Castle Rook own the workhouse and want to turn the workhouse into a care home for those suffering with dementia.
Castle Rook bought the building in 2018 and said its first task was to restore the roofs which are in a very bad condition.
In 2019 the company erected a new gate at the Syngefield entrance. The gate has remained locked ever since but sadly no building work has yet started.
Last week the company told the Midland Tribune that it's still intent on carrying out restoration work and creating a dementia care home.
The workhouse in Birr opened in 1842 and closed in 1921 (Birr was called Parsonstown at the time). Historian Stephen Callaghan said the opening date for the graveyard is unclear "and there are no records of internments.” The inmates were definitely buried there. “It is likely,” said Stephen, “that thousands of people were interred there." Former Birr librarian Violet Doolin had a cross erected on the site of the burial ground which acknowledges its former use.
Another historian, in a book about the Famine, pointed out that according to records kept by those running the Workhouse the weekly death rate in the building in April 1847 reached 67 people per thousand.
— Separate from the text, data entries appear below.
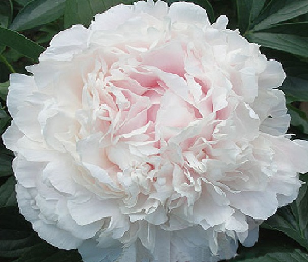 Двойно цвете, с диаметър 17 см. Чисто бели листенца с кремообразен и светлокафяв оттенък. Венчелистчетата са кръгли и с чашка.
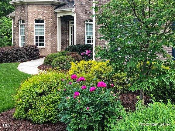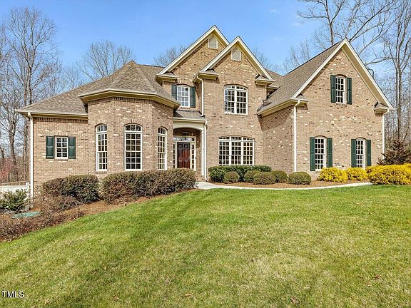 Live the grand lifestyle in this beautiful stately custom home. No detail has been missed within this beauty. Fully bricked exterior, sealed crawlspace, and updated within. The ceilings soar with a 2 story foyer and family room. Moldings surround the study and dining room, while the natural light illuminates the upgraded details. Two fireplaces, keeping room, both formal and informal dining, and a 3 season room to take in the outdoors. The expansive meadow view is showcased through a wall of windows. Noticeable finer details, such as the primary bath stone floor with amber accents throughout. Plenty of room for everyone as the rec room can double as a bedroom. Each room with access to a bathroom and spacious closets. Don't miss the large walk-in storage! HVAC units are newer along with a 2022 roof. Located in beautiful Chapel Ridge, a golf course resort-style community. Amenities to include pool, waterslide, sports courts, pickle ball, gym, playground and much more! See extra features in documents. Please visit https://www.chapelridgenc.org/governing-documents-and-policies/ for governing documents and ARB information.
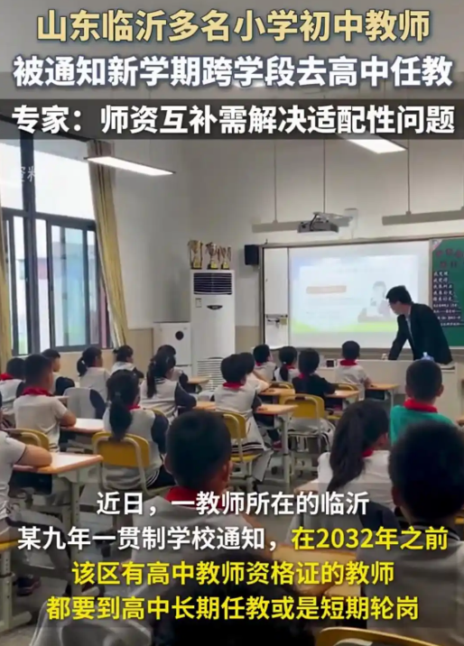 媒体报道,在山东省临沂市下辖的区县,有一批老师开了是跨学段任教。在即将开启的秋季学期,他们将离开之前长期任教的小学或初中,去当地的高中工作教学。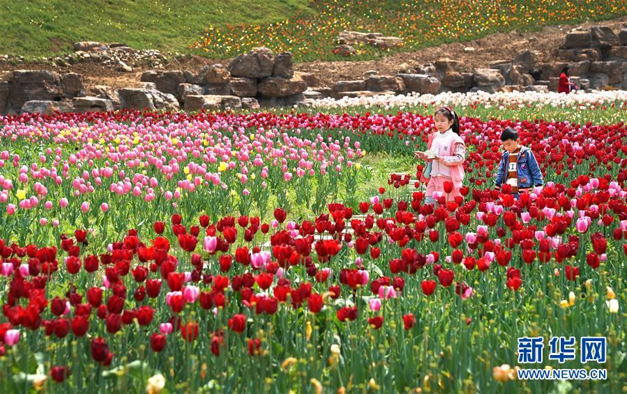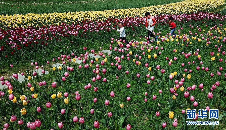 4月14日,游客在位于湖北省十堰市茅箭区的秦巴生态植物园内游玩。近日,位于湖北省十堰市茅箭区的秦巴生态植物园内,200万株郁金香竞相开放,吸引游客前来赏花游览。 新华社记者 程敏 摄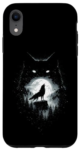 Wild Wolf Howling at Full Moon Forest Silhouette Grunge Art Case for iPhone XR
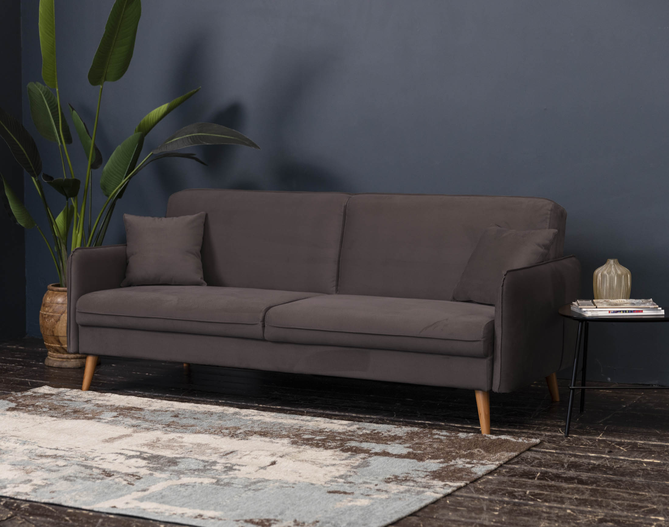 Высокие ножки дивана делают его форму легкой, максимально открывая пространство. А натуральное дерево подчеркивает естественность материалов. Кроме того, такая конструкция упрощает уборку, делая доступным напольное покрытие.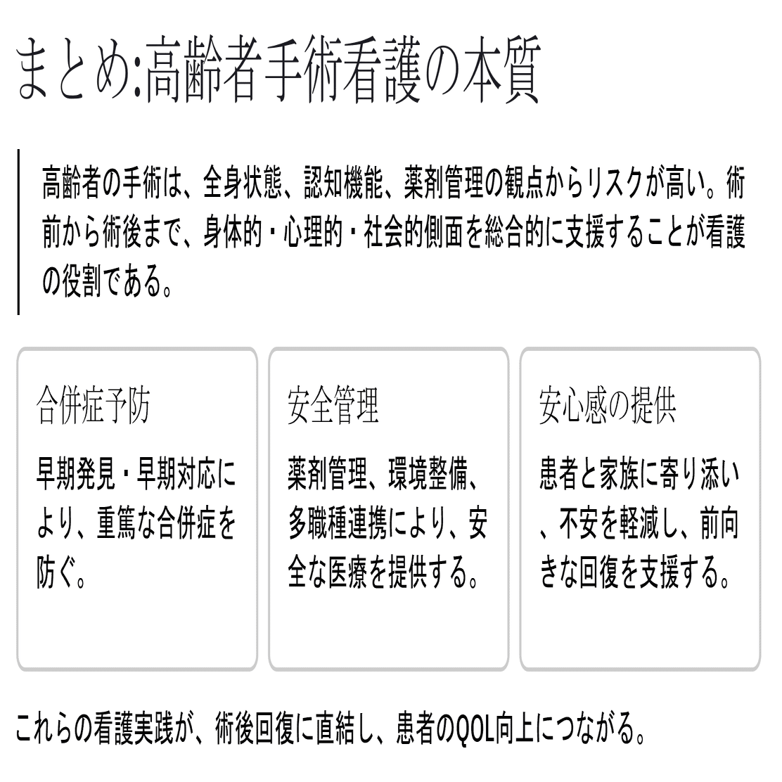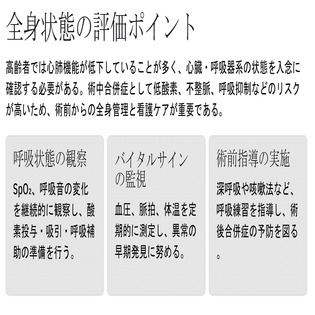 老年看護学Ⅱ(疾患論)13回 高齢者の手術前後の評価と看護ケア(看護教員用パワーポイント資料・全スライド20枚)|看護教員の図書館@授業案ダウンロード

In February 1848, 46 people per thousand people, per week, were dying in the building. In early May 1849 there were 3,007 inmates in the building. In the weekend ending May 19, 1849 101 inmates per thousand died. In other words, 303 people died in one week in the workhouse in May 1849. It's likely that the internments of these suffering people took place in mass graves when they were buried beside the workhouse.
According to Andrés Eiríksson, writing for the RTE / UCC Great Irish Famine Project, the main cause of death in Parsonstown workhouse during the Famine was ‘fever’, including both typhus and relapsing fever (795), marasmus (748) and ‘dysentery and diarrhoea’ (625). “A total of 3,645 deaths were recorded,” he wrote, “most of them in 1847-49. There were three critical periods of high death toll: (1) the first half of 1847, (2) January to April 1848, and (3) December 1848 to July 1849.”
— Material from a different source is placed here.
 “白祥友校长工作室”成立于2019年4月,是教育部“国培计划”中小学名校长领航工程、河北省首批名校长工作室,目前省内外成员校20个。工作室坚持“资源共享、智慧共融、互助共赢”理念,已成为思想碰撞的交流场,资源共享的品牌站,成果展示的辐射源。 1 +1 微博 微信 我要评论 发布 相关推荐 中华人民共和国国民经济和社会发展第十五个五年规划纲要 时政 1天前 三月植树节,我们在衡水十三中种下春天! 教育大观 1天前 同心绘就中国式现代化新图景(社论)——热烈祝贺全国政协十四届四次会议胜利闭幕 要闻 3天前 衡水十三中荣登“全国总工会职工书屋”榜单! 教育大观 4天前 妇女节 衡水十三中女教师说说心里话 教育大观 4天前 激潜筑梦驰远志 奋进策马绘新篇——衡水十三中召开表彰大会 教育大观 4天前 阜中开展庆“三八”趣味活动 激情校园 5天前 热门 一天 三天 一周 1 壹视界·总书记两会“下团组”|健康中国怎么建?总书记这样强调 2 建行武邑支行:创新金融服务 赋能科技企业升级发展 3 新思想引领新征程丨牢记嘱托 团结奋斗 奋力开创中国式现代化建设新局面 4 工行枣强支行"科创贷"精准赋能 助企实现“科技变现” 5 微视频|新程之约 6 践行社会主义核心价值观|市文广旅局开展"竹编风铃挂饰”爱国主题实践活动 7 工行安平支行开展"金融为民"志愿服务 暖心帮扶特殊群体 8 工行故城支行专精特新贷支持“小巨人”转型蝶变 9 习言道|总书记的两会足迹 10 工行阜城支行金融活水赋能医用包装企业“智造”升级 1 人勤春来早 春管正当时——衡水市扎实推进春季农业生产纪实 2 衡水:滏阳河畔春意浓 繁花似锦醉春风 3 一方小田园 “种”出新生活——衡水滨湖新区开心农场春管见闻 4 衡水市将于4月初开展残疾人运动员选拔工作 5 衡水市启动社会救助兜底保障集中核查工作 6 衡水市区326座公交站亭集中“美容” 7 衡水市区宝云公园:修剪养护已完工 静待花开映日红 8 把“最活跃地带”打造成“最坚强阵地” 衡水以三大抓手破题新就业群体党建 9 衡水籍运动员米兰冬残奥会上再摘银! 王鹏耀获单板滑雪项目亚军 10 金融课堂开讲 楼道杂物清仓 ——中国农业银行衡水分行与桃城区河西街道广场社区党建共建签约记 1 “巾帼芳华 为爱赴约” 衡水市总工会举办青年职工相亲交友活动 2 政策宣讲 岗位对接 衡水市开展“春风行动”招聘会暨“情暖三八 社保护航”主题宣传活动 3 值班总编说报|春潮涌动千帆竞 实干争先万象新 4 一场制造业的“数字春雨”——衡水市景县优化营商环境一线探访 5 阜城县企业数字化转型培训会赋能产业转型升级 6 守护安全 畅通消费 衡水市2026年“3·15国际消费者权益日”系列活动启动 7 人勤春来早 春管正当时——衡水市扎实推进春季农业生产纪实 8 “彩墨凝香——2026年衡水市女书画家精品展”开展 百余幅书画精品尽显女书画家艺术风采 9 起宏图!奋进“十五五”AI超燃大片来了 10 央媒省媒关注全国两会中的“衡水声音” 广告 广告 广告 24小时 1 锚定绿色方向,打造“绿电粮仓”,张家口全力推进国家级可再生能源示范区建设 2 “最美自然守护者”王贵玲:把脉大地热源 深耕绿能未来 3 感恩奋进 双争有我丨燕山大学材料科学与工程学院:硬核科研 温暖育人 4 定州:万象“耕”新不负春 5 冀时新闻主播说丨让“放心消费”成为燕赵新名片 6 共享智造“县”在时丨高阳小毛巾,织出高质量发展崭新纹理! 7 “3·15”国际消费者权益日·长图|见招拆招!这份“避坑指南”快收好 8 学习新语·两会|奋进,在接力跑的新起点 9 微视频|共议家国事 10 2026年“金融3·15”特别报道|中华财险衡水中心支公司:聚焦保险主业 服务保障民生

This terrible suffering, this terrible period in Birr's history, still strikes a deeply emotional chord for many people in the area.
Last August a beautiful art project called “The Meadow” was performed at the graveyard site. "The Meadow" was a site-specific sound installation created as an Offaly Drama Project for the Workhouse.
Through a musical setting of historical information and records The Meadow sought to "give voice to the thousands of lives lost in the workhouse during the Great Famine of 1845-1852."
It was conceived by Fiona Breen in collaboration with composer Tom Lane and historian Margaret Hogan. The event included music, readings and stories.